Spotlight Exclusives

Gates Foundation Announces Major New Anti-Poverty Investments

Spotlight Staff Spotlight Staff, posted on

The Bill & Melinda Gates Foundation, known for its global work on healthcare and poverty, as well as efforts to improve education in the US, announced a major investment to address poverty and improve opportunity in America on Thursday. The foundation will commit $158 million over four years around these efforts.

The announcement coincided with a major event in Washington, DC for the Gates-funded US Partnership on Mobility from Poverty housed at the Urban Institute, an initiative that brought together 24 noted scholars and other stakeholders to explore new anti-poverty solutions. Gates funding in the coming years will be informed by the work of the partnership, and the event offered a look at some of the findings and recommendations developed over the partnership’s two years.

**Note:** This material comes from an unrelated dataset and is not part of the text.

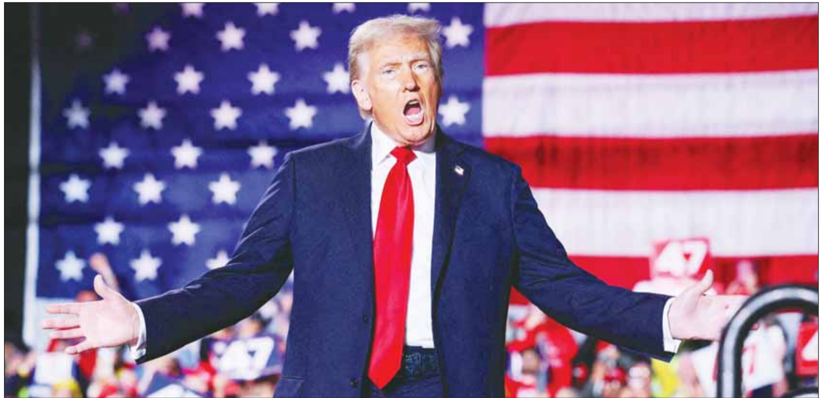
الرئيس الأميركي المنتخب دونالد ترامب

Nisha Patel, executive director of the partnership, began the event by highlighting their approach to understanding poverty issues: “An important part of our process is not just looking at the latest data and evidence…but learning from organizations on the ground in communities,” she explained. The event remained true to this theme, balancing new research with first-person testimonials from community voices.

David Ellwood, the chair of the partnership and a professor of political economy at Harvard’s Kennedy School, said the scholars, researchers, and nonprofit leaders involved in the work were motivated by a unifed view: “We were united in believing that mobility is the issue of our time and if we get it wrong, we may be doomed.”

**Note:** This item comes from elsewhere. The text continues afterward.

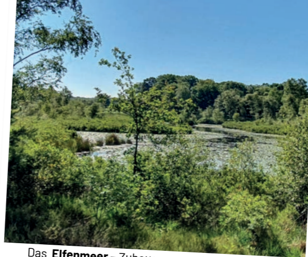
Das Elfenmeer – Zuhause verschiedener Molche und Froscharten

An der Kreuzungsmöglichkeit biegen Sie links ab. Sie wandern hier bereits entlang der deutsch-niederländischen Grenze. Sobald Sie das Drehkreuz durchschritten haben, befinden Sie sich in den Niederlanden. Folgen Sie dem Weg entlang der Heidelandschaft, um zum Elfenmeer zu gelangen. Über den Pfad durch die Heide erreichen Sie den Bohlenweg. Der Steg aus Holzbohlen führt Sie ein Stück über die Boschbeek, auch Buschbach genannt. Nutzen Sie den Bohlenweg, um auf den Pfad entlang der Boschbeekheide zu gelangen. Anschließend folgen Sie dem Weg durch den Wald, um zurück zum Wanderparkplatz Hillenkamp zu gelangen.

Panels at the event explored the partnership’s five interlocking strategies for reducing poverty and boosting opportunity:

  • Change the narrative on poverty and mobility
  • Create access to good jobs
  • Ensure zip code is not destiny
  • Provide support that empowers
  • Transform data use

The need for all players in the anti-poverty space to work in changing the often demeaning and destructive poverty narrative was given particular importance. Arthur Brooks, president of the American Enterprise Institute, argued that “poverty is not about lacking money. Poverty in America is about lacking a sense of dignity.”

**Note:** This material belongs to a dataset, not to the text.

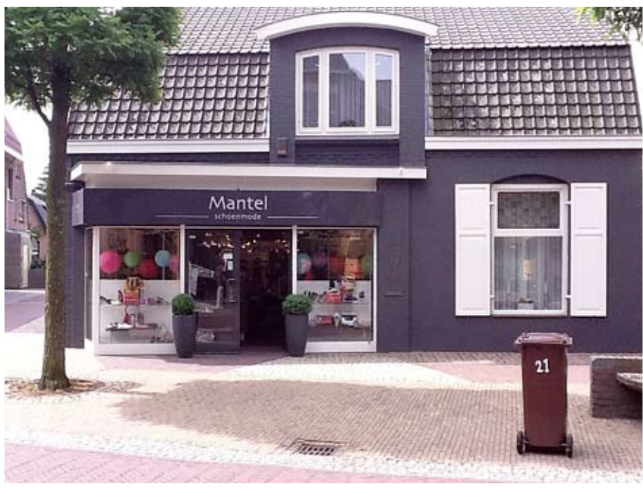
Mantel Schoenmode in Doorn heeft al een Marktscan+ laten uitvoeren.

john a. powell, director of the Haas Institute for a Fair and Inclusive Society, said that if policymakers and nonprofit leaders “don’t see people as human, [they] can’t design policy solutions that work.”

Raj Chetty, professor of economics Stanford University, discussed the use of big data to restore the American Dream in communities, highlighting his groundbreaking research on mobility within census tracks across the country. He explained how he and his colleagues are now working with the City of Seattle to ensure that housing vouchers are being used cost-effectively to move low-income residents to areas of the city that maximize their chances for economic success.

The event concluded with a discussion among foundation and private sector leaders on “moving ideas into action,” emphasizing an overall focus on concrete solutions and cross-sector collaborations that are at the heart of the partnership’s work and that will likely influence the Gates Foundation’s funding going forward.

Gates Foundation CEO Sue Desmond-Hellman closed the event to resounding applause with the announcement of the foundation’s new funding commitment, but emphasized that it will continue to learn and explore potential new solutions. The foundation wants to ensure that there are more foundations, nonprofits, and individuals “at all levels committed to increasing mobility from poverty over the next decade,” Desmond-Hellmann told reporters earlier in the morning.

“We want to invest in promising approaches to help workers who are in low-mobility jobs,” she said. “We also want to be able to increase the capacity of local actors, particularly governments, so that they can accurately diagnose and make data-driven decisions.”